§ Problem to work on: Find, in the records below, the line that contains "Nakon obilaska muzeja" and the line that contains "Кроме того, автомобильные". Copy those two lines and everything between them exactly, but not the pictures.

§ Entries provided:
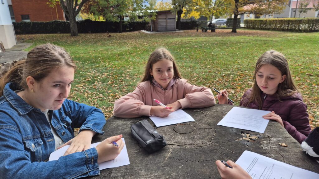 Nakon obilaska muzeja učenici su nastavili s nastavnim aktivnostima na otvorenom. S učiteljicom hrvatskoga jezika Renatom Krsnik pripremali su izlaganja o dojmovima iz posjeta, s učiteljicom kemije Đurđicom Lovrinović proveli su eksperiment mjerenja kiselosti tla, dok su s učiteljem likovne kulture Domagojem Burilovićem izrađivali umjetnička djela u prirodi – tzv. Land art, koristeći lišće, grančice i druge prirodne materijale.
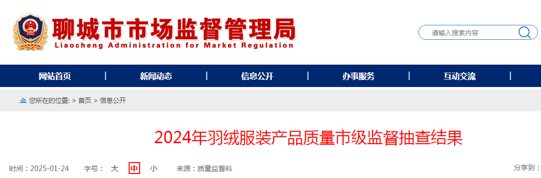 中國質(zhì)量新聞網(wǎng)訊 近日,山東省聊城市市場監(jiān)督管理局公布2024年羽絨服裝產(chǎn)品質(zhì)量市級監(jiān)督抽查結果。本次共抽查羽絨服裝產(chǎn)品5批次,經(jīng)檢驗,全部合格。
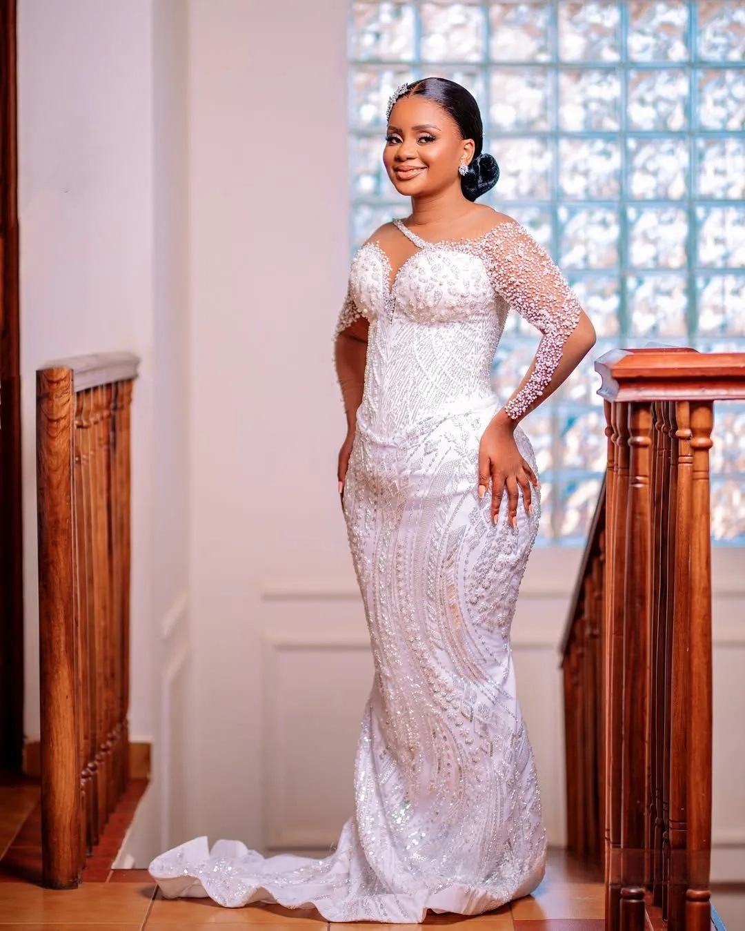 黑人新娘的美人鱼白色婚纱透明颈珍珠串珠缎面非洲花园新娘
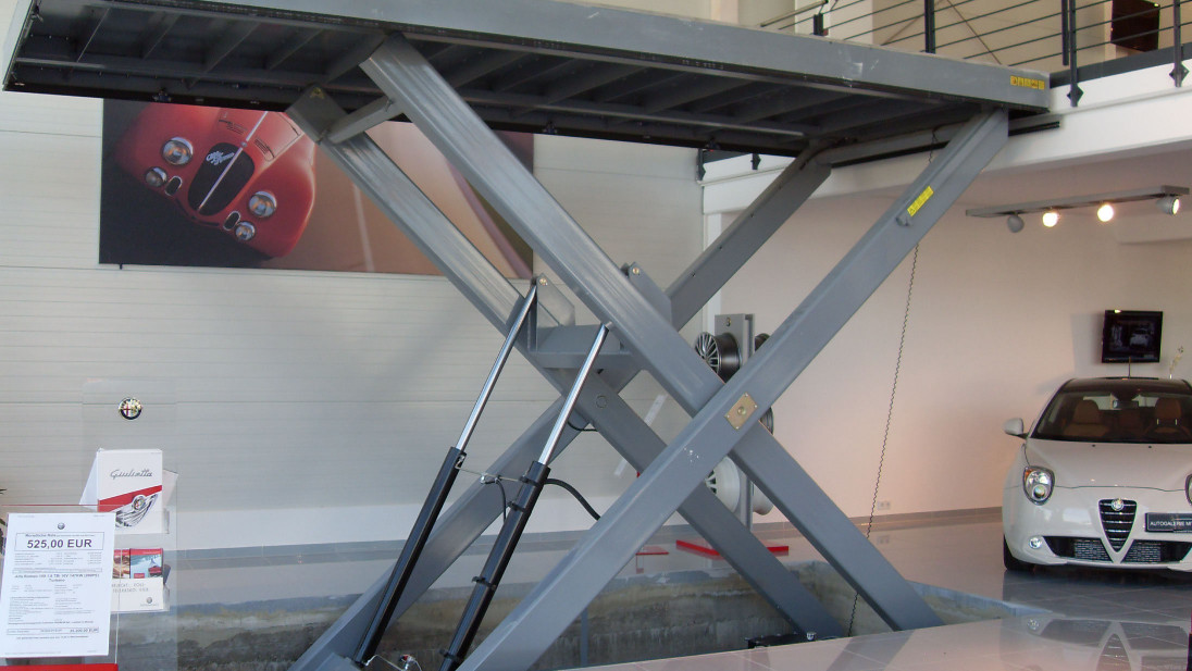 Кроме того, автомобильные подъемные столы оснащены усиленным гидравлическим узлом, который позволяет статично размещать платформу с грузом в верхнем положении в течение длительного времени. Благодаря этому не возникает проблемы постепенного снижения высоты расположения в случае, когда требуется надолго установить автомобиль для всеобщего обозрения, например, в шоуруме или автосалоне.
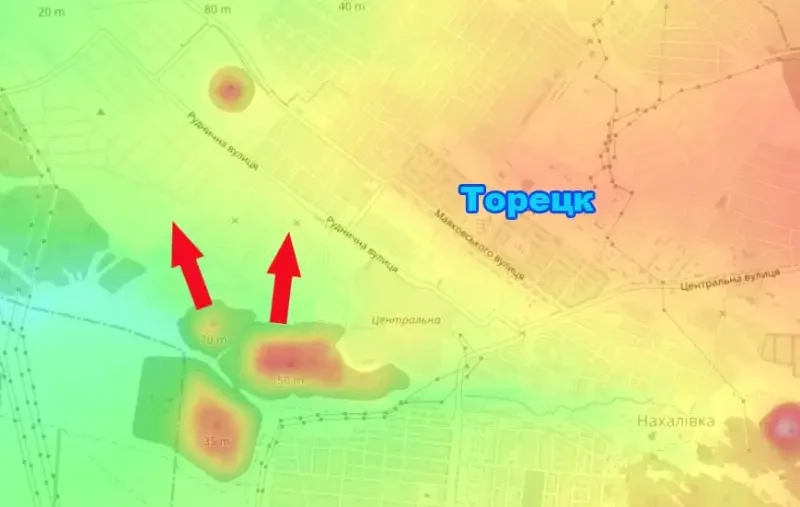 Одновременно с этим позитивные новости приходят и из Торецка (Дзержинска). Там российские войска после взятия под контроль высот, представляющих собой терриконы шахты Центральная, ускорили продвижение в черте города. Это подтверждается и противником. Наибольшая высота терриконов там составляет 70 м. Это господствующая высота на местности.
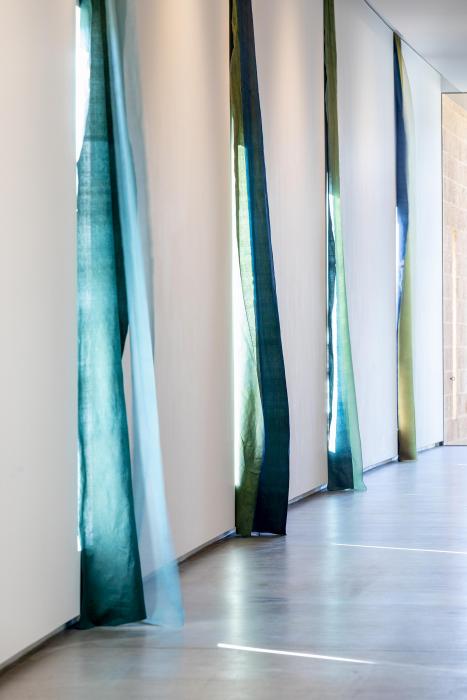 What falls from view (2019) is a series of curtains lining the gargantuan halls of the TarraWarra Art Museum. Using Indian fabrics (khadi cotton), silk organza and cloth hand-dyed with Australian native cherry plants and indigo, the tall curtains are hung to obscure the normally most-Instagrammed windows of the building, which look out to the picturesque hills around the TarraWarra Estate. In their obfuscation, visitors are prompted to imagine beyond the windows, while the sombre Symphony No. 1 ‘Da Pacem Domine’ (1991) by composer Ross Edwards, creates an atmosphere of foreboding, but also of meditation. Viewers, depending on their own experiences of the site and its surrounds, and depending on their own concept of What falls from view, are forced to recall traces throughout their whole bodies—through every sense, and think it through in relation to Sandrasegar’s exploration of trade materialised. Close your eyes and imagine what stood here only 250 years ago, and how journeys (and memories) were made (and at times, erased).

==

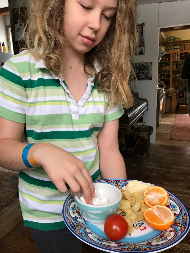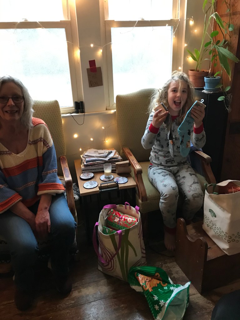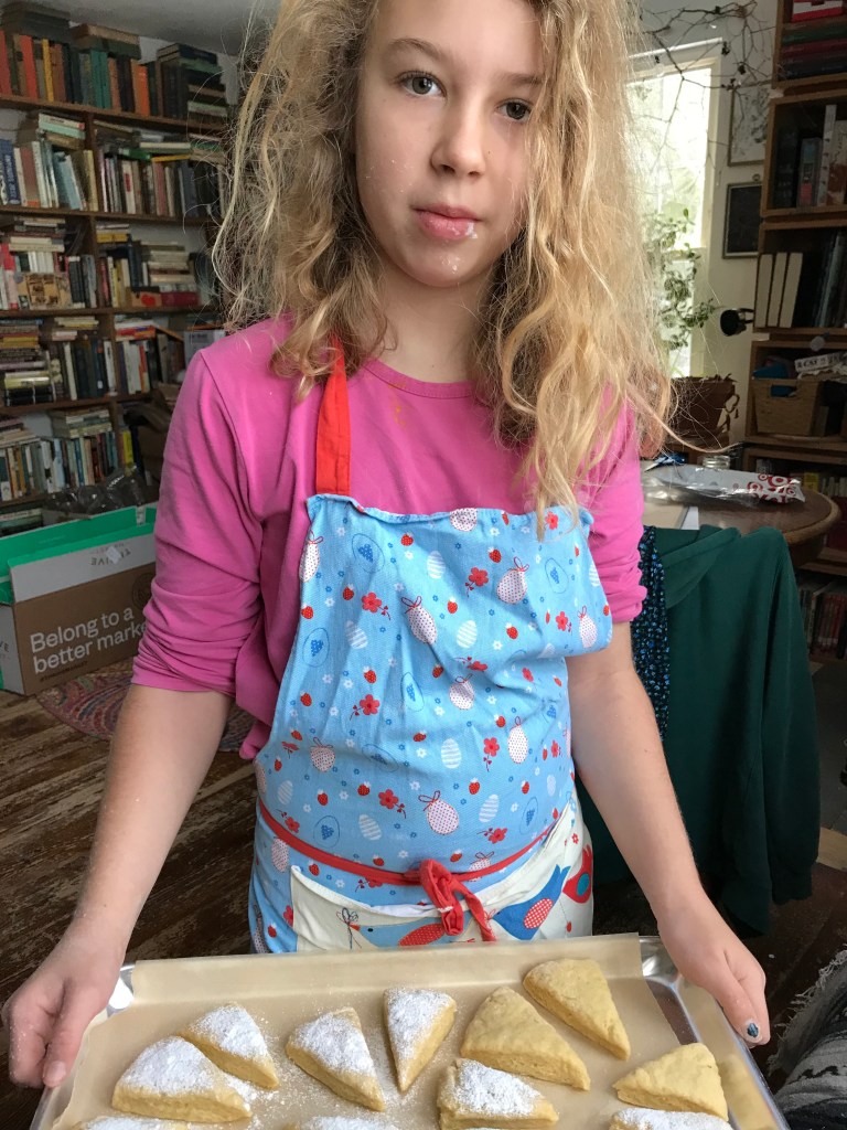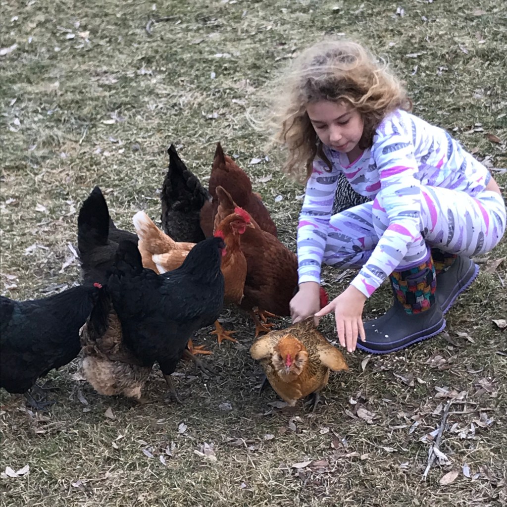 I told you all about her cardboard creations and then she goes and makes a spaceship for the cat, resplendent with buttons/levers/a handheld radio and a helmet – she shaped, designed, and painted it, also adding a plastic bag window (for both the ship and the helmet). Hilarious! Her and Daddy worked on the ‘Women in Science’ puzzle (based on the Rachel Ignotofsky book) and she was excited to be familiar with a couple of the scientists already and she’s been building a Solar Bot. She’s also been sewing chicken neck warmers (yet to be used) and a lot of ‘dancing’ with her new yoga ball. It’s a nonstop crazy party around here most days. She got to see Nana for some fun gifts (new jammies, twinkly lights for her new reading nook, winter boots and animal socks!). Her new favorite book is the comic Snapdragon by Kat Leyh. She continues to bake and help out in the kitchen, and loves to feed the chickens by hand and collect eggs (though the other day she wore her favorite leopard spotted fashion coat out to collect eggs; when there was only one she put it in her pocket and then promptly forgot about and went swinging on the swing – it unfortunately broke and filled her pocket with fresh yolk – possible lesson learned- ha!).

§ Answer below:
 Nakon obilaska muzeja učenici su nastavili s nastavnim aktivnostima na otvorenom. S učiteljicom hrvatskoga jezika Renatom Krsnik pripremali su izlaganja o dojmovima iz posjeta, s učiteljicom kemije Đurđicom Lovrinović proveli su eksperiment mjerenja kiselosti tla, dok su s učiteljem likovne kulture Domagojem Burilovićem izrađivali umjetnička djela u prirodi – tzv. Land art, koristeći lišće, grančice i druge prirodne materijale.
 中國質(zhì)量新聞網(wǎng)訊 近日,山東省聊城市市場監(jiān)督管理局公布2024年羽絨服裝產(chǎn)品質(zhì)量市級監(jiān)督抽查結果。本次共抽查羽絨服裝產(chǎn)品5批次,經(jīng)檢驗,全部合格。
 黑人新娘的美人鱼白色婚纱透明颈珍珠串珠缎面非洲花园新娘
 Кроме того, автомобильные подъемные столы оснащены усиленным гидравлическим узлом, который позволяет статично размещать платформу с грузом в верхнем положении в течение длительного времени. Благодаря этому не возникает проблемы постепенного снижения высоты расположения в случае, когда требуется надолго установить автомобиль для всеобщего обозрения, например, в шоуруме или автосалоне.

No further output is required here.